I think this is like refusing to teach a child that s'mores must have chocolate in order to be any good. There are just some things in this world a kid has to be taught in order to survive.

Refusing to teach kids in school how to read and write cursive makes about as much sense as a square bowling ball. How are the youth of today supposed to write their names on a contract, read the US Constitution or letters written by Abraham Lincoln?. They won't be able to read the messages their grandparents have written to them in their birthday cards. We Baby Boomers could write something like “We recorded your failed attempt at singing in the bathroom. We're going to play it at your birthday party. Because you can't read cursive, you'll never know what we're going to do to you.”

This could actually be kind of fun.

I envision some time in the future where a person like an Indiana Jones character steals an ancient script from an evil adversary. He runs for his life and is shot at by the bad guys chasing him. Of course being an Indiana Jones character, he is only chased by people who are terrible shots, and they all miss him. Our hero then swims through alligator infested waters, leaps from one part of a mountain to another. Enemy aircraft appear in the sky and begin shooting at him. Since only terrible shots chase after an Indiana Jones character, they also miss. Our hero is able to escape death like a true Hollywood legend. After making his way to a remote village, he is told by a tribal people they know of an ancient scribe who could make sense of the figures on the ancient script.

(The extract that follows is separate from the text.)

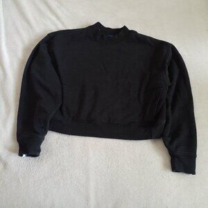 Kit and Ace Women's Size Small Pacific Coast Pullover Loungewear, Athletic, Athleisure, Cotton, Fall, Winter, Comfy, Casual Color is dark heather gray High neck and long sleeves Cropped length Two side front side zipper pockets Thick sweatshirt material -heavy weight Blue and white stripe detail at cuffs of sleeves Main: 100% Cotton Machine wash cold, tumble dry low Good used condition with some slight signs of wear -the detail at cuffs has a little bit of pulling on threads Please see photos for reference to condition and measurements

After making his way a great distance to a remote part of the jungle, he notices a lone hut standing in a clearing. There is smoke bellowing from a chimney on top of it. Our hero makes his way to the hut and slowly opens the door. His ears are treated to the sound of AC/DC being played. On the walls are shelves containing strange and usual items our hero has never before seen. There is a Rubik’s cube, 8-track tape player, Star Wars Action figures and a pet rock. He then hears the voice of an old man. An aged figure emerges wearing a torn leisure suit with earth shoes. On one of his fingers is a mood ring.

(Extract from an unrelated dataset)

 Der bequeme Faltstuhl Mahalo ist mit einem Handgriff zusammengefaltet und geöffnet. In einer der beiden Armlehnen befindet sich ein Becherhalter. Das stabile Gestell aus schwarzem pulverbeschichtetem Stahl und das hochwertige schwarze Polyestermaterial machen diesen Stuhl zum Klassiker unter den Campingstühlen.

“Who the hell are you? I ordered that pizza a long time ago. Don't expect a big tip” says the old man.

“Oh no ancient scribe. I was told by those in the village that it is you who could unlock the mysteries of the writing on this paper. I have obtained it from enemies who would seek to decipher it, and use the valuable information it contains to do evil deeds. Could you please decipher this for me?” says our hero.

The old man takes the paper and looks at it.

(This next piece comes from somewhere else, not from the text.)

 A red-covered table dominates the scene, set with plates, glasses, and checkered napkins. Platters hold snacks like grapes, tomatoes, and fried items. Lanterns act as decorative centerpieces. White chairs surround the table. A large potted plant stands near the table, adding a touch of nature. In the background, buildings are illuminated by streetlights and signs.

“Humm, this looks interesting.”

“What does it say? Can you tell me?”

The old man removes a pair of glasses from his pocket and puts them on.

“It says here, and I quote “If you crap-head idiots weren't so stupid, you would've taught your children how to read and write cursive. Then you knuckleheads would've known what this says and wouldn't have to have someone decipher it. It's not like teaching biblical Hebrew, Coptic, Hieroglyphics or another ancient language. Not teaching kids how to read and write cursive is just plain lazy.”

“Is that it?”

“Well, it appears there is also the lyrics for the song “Stairway to Heaven” and “Free Bird.” I think there is also instructions on the proper way to eat s'mores. You have to have the chocolate.”


“I'll write that one down for you. It's important.”

The ways of Baby Boomers is slowly fading away. Our music and humor are timeless. The rest of it is just fading away.